XML::GRDDL is a good HTTP citizen: Referer headers are included in requests, and
appropriate Accept headers supplied. To be an even better citizen, I recommend
changing the User-Agent header to advertise the name of the application:
$grddl->ua->default_header(user_agent => 'MyApp/1.0 ');
Provenance information for GRDDL transformations is returned using the GRDDL
vocabulary at
http://www.w3.org/2003/g/data-view#
<
http://www.w3.org/2003/g/data-view#>.
Certain XHTML profiles and XML namespaces known not to contain any
transformations, or to contain useless transformations are skipped. See
XML::GRDDL::Namespace and XML::GRDDL::Profile for details.
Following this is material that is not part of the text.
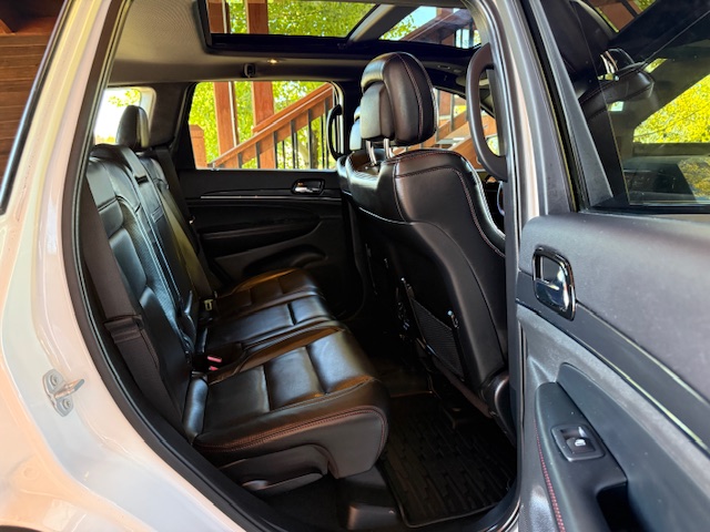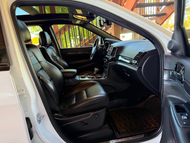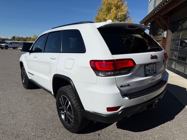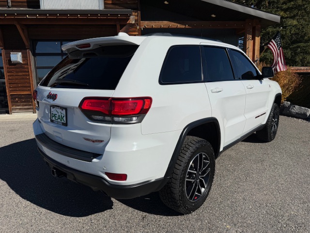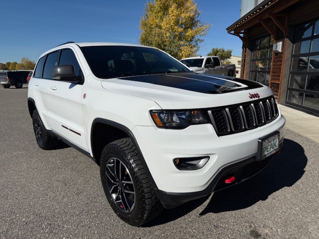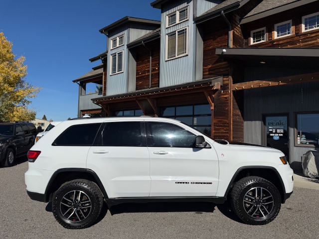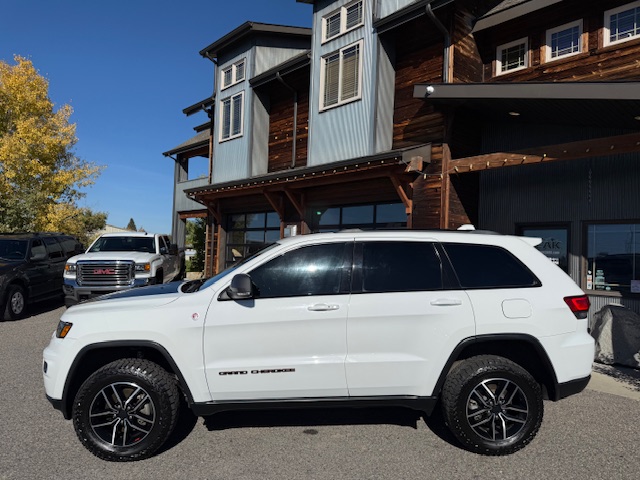 This is a 2020 Jeep Grand Cherokee Trailhawk 4×4 with the 3.6L Pentastar 6-cylinder gas engine and an 8-speed automatic transmission. It is Bright White with black/ruby red leather interior and has 52,000 miles. It has all standard options including Quadra-trac II 4×4 with select terrain, parkview rear back-up camera, keyless enter and go, trailer-tow group, 8.4″ Uconnect HD radio, bluetooth, Sirius, heated and ventilated front seats, heated steering wheel, heated second row seats, power driver and passenger seats, 18-inch off-road aluminum wheels with nice Falken Rubitrek all-terrain tires, dual pane panoramic sunroof, power liftgate, Trailhawk luxury group, running boards, halogen headlamps, LED taillights, and blind spot and cross path detection. EPA rated for 18mpg city and 25mpg highway. This Trailhawk is a 1-owner from Bozeman that has been well maintained and has been non-smoker owned. CARFAX guaranteed, professionally serviced and detailed.

In particular
profiles for RDFa and many Microformats are skipped, as RDF::RDFa::Parser and
HTML::Microformats will typically yield far superior results.
BUGS¶
Please report any bugs to <
http://rt.cpan.org/>.
Known limitations:
- •
- Recursive GRDDL doesn't work yet.
That is, the profile documents and namespace documents linked to from your
primary document cannot themselves rely on GRDDL.
SEE ALSO¶
XML::GRDDL::Transformation, XML::GRDDL::Namespace, XML::GRDDL::Profile,
XML::GRDDL::Transformation::RDF_EASE::Functional, XML::Saxon::XSLT2.
HTML::HTML5::Parser, RDF::RDFa::Parser, HTML::Microformats.
JSON::GRDDL.
<
http://www.w3.org/TR/grddl/>.
<
http://www.perlrdf.org/>.
This module is derived from Swignition
<
http://buzzword.org.uk/swignition/>.
AUTHOR¶
Toby Inkster <tobyink@cpan.org>.
COPYRIGHT AND LICENCE¶
Copyright 2008-2012 Toby Inkster
This library is free software; you can redistribute it and/or modify it under
the same terms as Perl itself.
DISCLAIMER OF WARRANTIES¶
THIS PACKAGE IS PROVIDED "AS IS" AND WITHOUT ANY EXPRESS OR IMPLIED
WARRANTIES, INCLUDING, WITHOUT LIMITATION, THE IMPLIED WARRANTIES OF
MERCHANTIBILITY AND FITNESS FOR A PARTICULAR PURPOSE.